After the introduction of fluorine-containing salts in the amount of 0.2 mass. % K2
and 0.2 mass. % Arsal 2120, there was a significant temperature shift of the onset of precipitation of the primary Si crystals into the region of higher temperatures (by 13 °C) (Figure 6
); DSC curves for K2
and Arsal 2120 virtually coincided. Crystallization at high temperatures was a consequence of supercooling. Such significant supercooling of the Al-7%Si alloy resulted in primary and eutectic Si crystals undergoing a three-fold refinement and acquiring different geometric shapes. When fluoride salts were used, there were decomposition processes, accompanied by an intensive thermal effect. The temperature increased in the melt locally, and, correspondingly, the solidification of primary crystals occurred at a higher temperature (573 °C) and was accompanied by rapid solidification from the melt. A modifying mixture containing oxides along with cryolite was more effective for the refinement of structural components of alloys. This was because processes of oxide decomposition were characterized by a less intensive thermal effect, and, as a consequence, the formation of a fine-crystalline structure occurred. As a result of chemical reactions, a multicomponent system with a high concentration of points of the solidification onset of the melt, formed from the products of oxide reduction, was distributed uniformly throughout the volume of the system. The presence of liquid fluoride-containing salts enabled a reduction of the surface energy of wetting and, correspondingly, a more uniform distribution of particles—points of solidification—throughout the volume of the melt.
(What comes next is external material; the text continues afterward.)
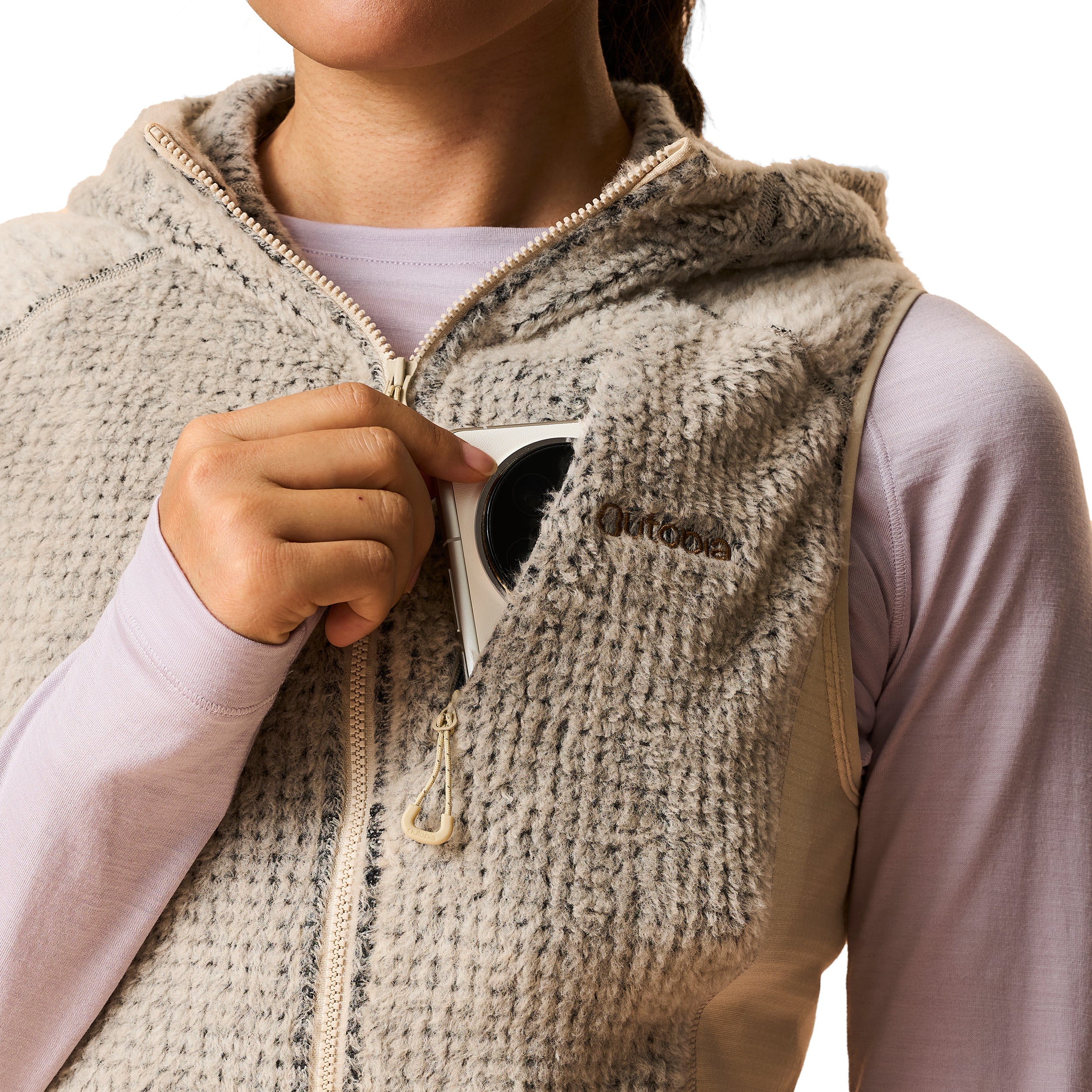This lightweight fleece vest uses Polartec® High Loft™ fabric for exceptional warmth without bulk. Its breathable, fast-drying, and water-repellent design keeps you dry and comfortable during activity. The athletic fit includes stretch panels for freedom of movement, a fitted hood for added warmth, and multiple zippered pockets for secure storage. Thumbholes provide extra coverage for cooler days, making it a versatile and durable layering option.

The microstructure and mechanical properties of alloys in the initial state and after the introduction of various additives are presented in detail in References [16
]. It was shown that for all of the modified samples, an increase in the relative elongation was characteristic. However, the temporary tear resistance for all samples varied from 14.4 kgs/mm2
to 22 kgs/mm2
. For all of the modified samples, the increase in mechanical properties was due mainly to the decrease in the dimensions of the silicon wafers. However, the uneven distribution of the eutectic and its accumulation in alloys modified by commercial K2
and Arsal 2120 influenced the strength values and the optimal relationship between the structure and mechanical properties. The introduction of MM to the melt led to a secondary liberation of silicon particles from the solid solution, due to which an optimal relationship between the structure and mechanical properties was achieved.